The data must be given again exactly as written, with all images omitted.

» **Stored data**:
_ _ _

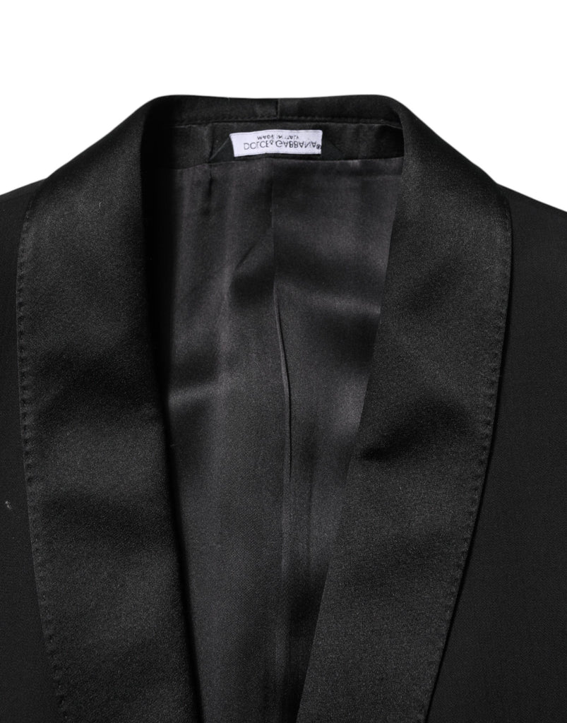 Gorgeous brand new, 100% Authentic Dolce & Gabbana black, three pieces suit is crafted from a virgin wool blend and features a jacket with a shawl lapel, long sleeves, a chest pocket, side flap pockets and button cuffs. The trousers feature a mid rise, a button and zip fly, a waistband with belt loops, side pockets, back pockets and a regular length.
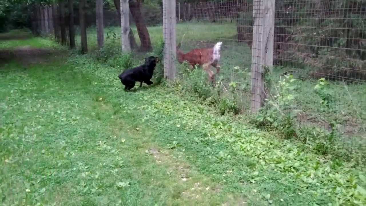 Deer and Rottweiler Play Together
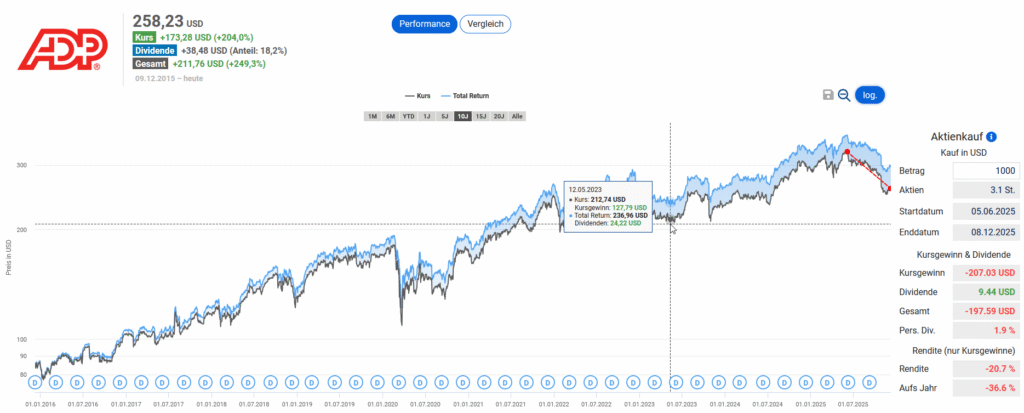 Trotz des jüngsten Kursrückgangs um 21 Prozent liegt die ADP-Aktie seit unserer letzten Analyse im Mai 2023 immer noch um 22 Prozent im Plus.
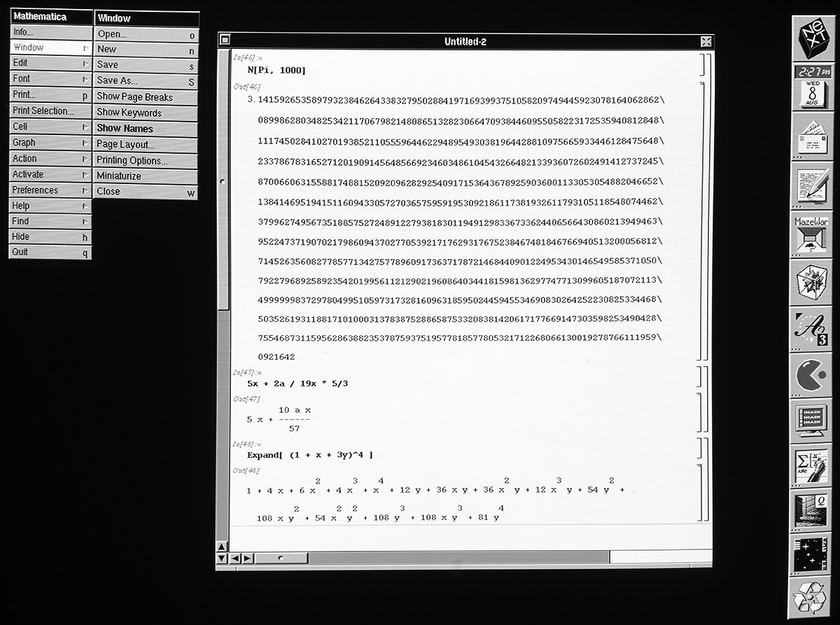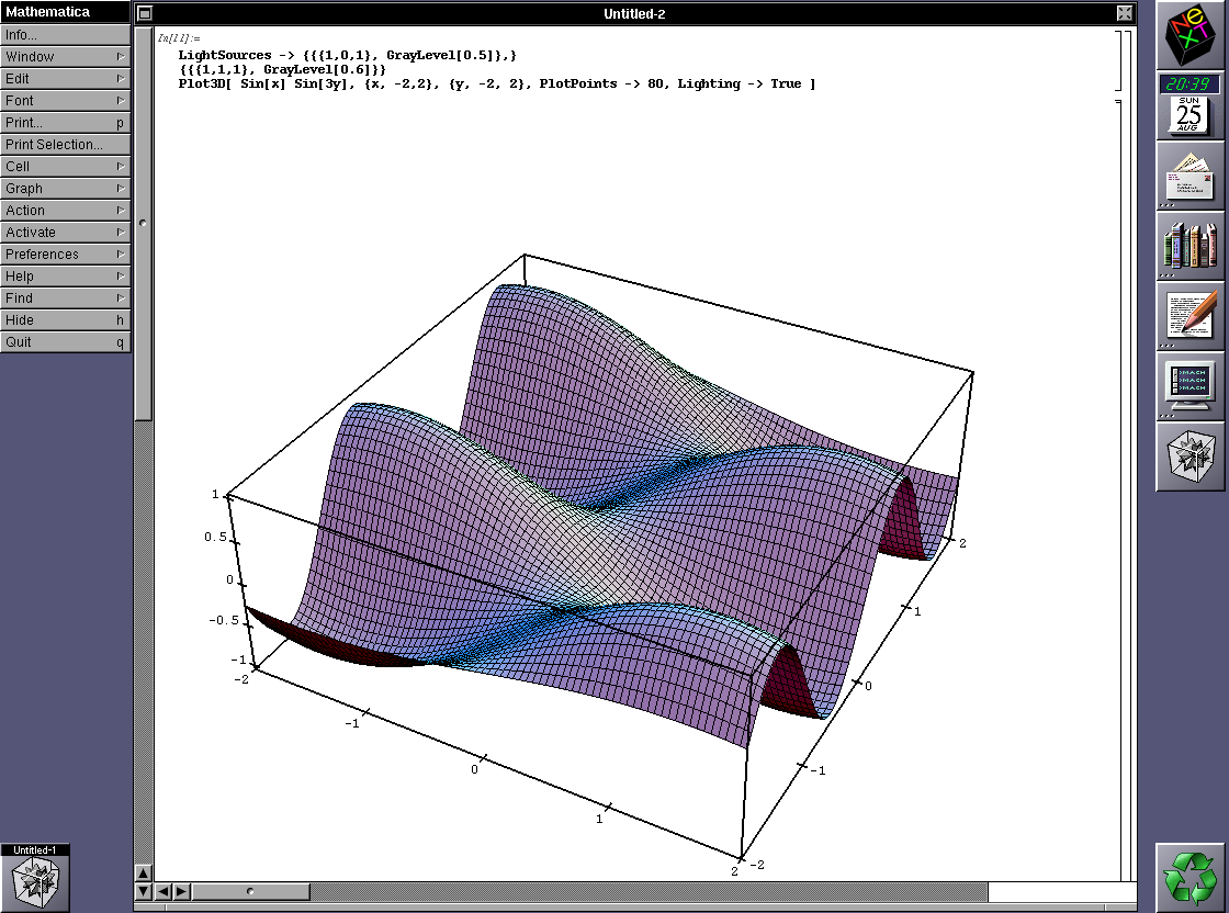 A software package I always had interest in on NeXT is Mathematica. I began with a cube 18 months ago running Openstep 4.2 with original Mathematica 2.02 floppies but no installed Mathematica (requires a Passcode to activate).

_ _ _

» **Task response**:
 Gorgeous brand new, 100% Authentic Dolce & Gabbana black, three pieces suit is crafted from a virgin wool blend and features a jacket with a shawl lapel, long sleeves, a chest pocket, side flap pockets and button cuffs. The trousers feature a mid rise, a button and zip fly, a waistband with belt loops, side pockets, back pockets and a regular length.
 Deer and Rottweiler Play Together
 Trotz des jüngsten Kursrückgangs um 21 Prozent liegt die ADP-Aktie seit unserer letzten Analyse im Mai 2023 immer noch um 22 Prozent im Plus.
 A software package I always had interest in on NeXT is Mathematica. I began with a cube 18 months ago running Openstep 4.2 with original Mathematica 2.02 floppies but no installed Mathematica (requires a Passcode to activate).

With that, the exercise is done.